By Layli Foroudi
PARIS (Reuters) – French lawyer Sarah Asmeta wears a hijab at work but that means she is banned by her local Bar Council from representing clients in the courtroom.
She has been fighting to overturn that rule.
Next Wednesday, France’s highest court is due to rule on Asmeta’s case in a judgment that could set a nationwide precedent and will resonate in a country where the hijab – a headscarf worn by some Muslim women – has become a flashpoint in a debate over identity and immigration.
“I cannot accept the idea that in my country, to practice a profession, of which I am capable, I need to undress myself,” Asmeta, 30, told Reuters.
Asmeta, who is French-Syrian, was the first person in her family to pursue studies in law. She was also the first person at her law school IXAD in the northern city of Lille to wear a hijab.
Back in 2019, when she was due to take an oath and enter the profession as a trainee barrister, there was no specific law that said she could not wear her hijab.
But in the months that followed her taking the oath, the Lille Bar Council passed an internal rule banning any signs of political, philosophical and religious conviction to be worn with the gown in court.
Asmeta challenged that as targeted and discriminatory.
She lost the case in an appeals court in 2020, pushing the matter up to the highest court, the Court of Cassation. The March 2 judgment will lay the groundwork for Bar Councils nationwide, Patrick Poirret, the attorney general, told the court last week.
While religious symbols and clothing are banned for public servants due to France’s principle of “laïcité” (secularism) – the separation of religion and state – this does not extend to independent professionals like lawyers.
But above these legal specifics, the hijab carries a symbolic weight and is a recurring theme in French debates around so-called Republican values and national identity.
In France, Muslims represent around 6% of the population, according to the Observatory of Laïcité, many of whom have origins in African, Middle Eastern or other countries that were formerly colonised by France.
In past years, as politics has veered to the right, French lawmakers and politicians have sought to extend restrictions on wearing the hijab, for example, to cover mothers who accompany their children on school trips and football players.
As a presidential election in April approaches, candidates have zeroed in on identity issues, including the hijab, although Asmeta’s case has not been referenced.
Marine Le Pen of the far-right Rassemblement Nationale said she would ban the garment from public space entirely. Right-wing Les Republicains candidate Valerie Pecresse, refering to the symbol of the republic, said in a campaign speech: “Marianne is not a veiled woman.”
Currently in France, a majority of Bar Councils, including the largest in Paris, have internal rules that do not allow religious symbols such as the hijab.

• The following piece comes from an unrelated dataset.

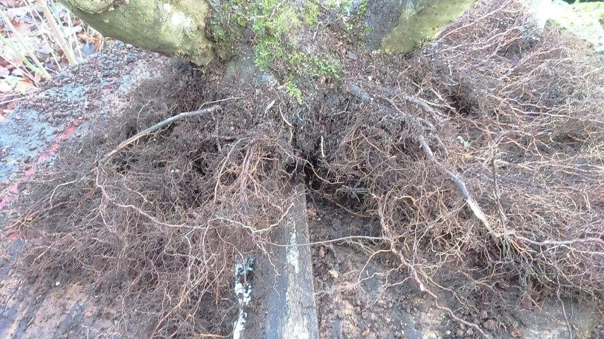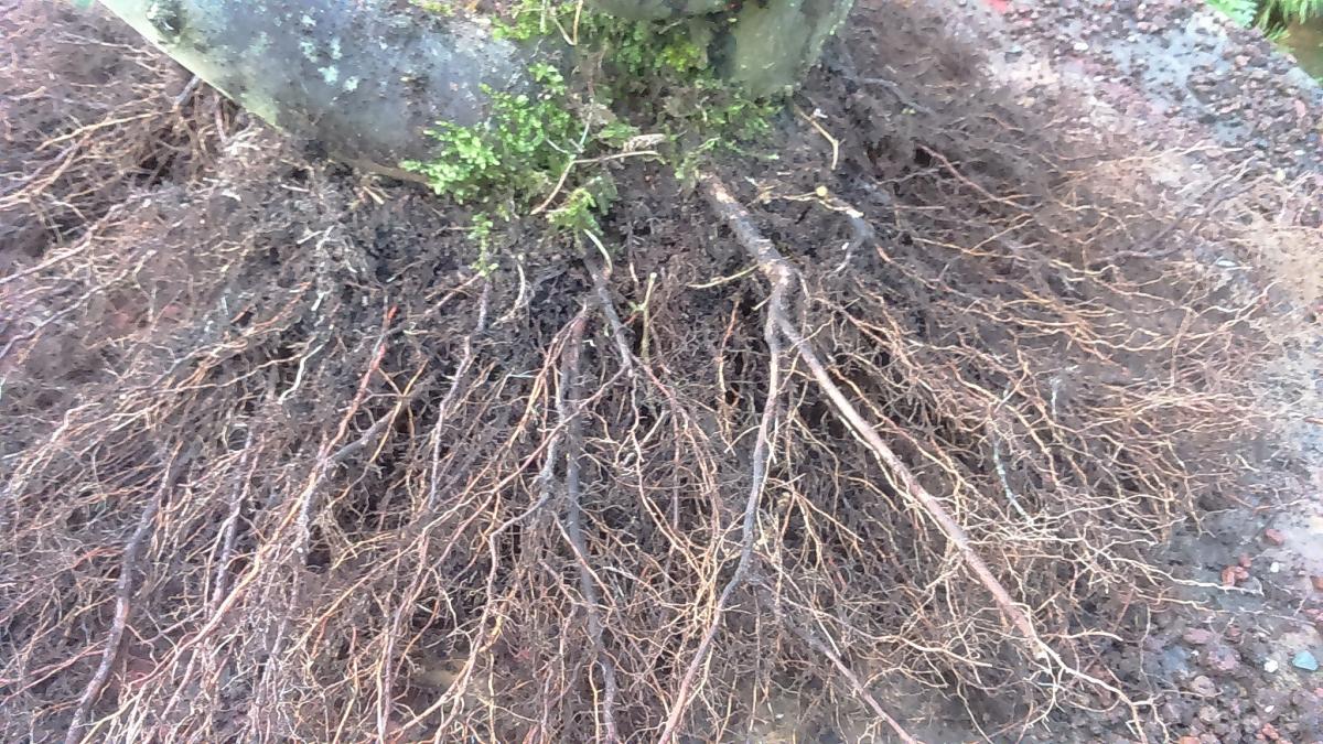 un petit bidouillage maison, un cadre de lattes fixées à l’arbre, dessus des ardoises et tout le tour des plinthes de bois de 10 cm, pas d’autres solutions pour les racines que de s’étaler…

Of Bar Councils representing 75% of practitioners, 56% have banned religious symbols to be worn with the gown, according to a survey requested by Poirret for this case.
“Within this general ban there is a precise and indirect discrimination [of Muslim women],” Asmeta’s lawyer Claire Waquet told the court on Tuesday last week.
The Lille Bar Council’s lawyer, Jean-Philippe Duhamel, dismissed the idea that banning religious and political markers results in discrimination against Muslim women.
“If you want to play football but you prefer to pass the ball with your hands, are you discriminated against because we say you can’t play?” he told Reuters.
He said that wearing religious symbols detracts from the lawyer’s independence and equality within the profession.
NOT A PROBLEM
Asmeta said she found it more difficult than her peers to find work placements despite experience, good grades and language skills, which led her at times to seek internships with lawyers from a Muslim background.
A recent study found that email enquiries to law schools from a person with a North African name are a third less likely to receive a response, compared to 12.3% less likely for higher education establishments in general.
The argument put forward to ban the hijab in the courtroom in the name of equality and universalism is in line with France’s historic philosophical tradition, said Clara Gandin, a lawyer for Asmeta.
“[That] to be equal, we need to erase all the signs that show we are different,” she said.
In Britain, which has a more multicultural approach to immigration compared to France’s more assimilationist policy, barristers can advocate for clients while wearing the hijab, alongside the robe, and are not required to wear the traditional wig.
After positive experiences interning at the International Criminal Court in The Hague and working as a legal assistant in Brussels, Asmeta is considering moving abroad again as a last resort.
“I was very happy there, I could work, people saw me as a person with competences and not like a problem,” she said.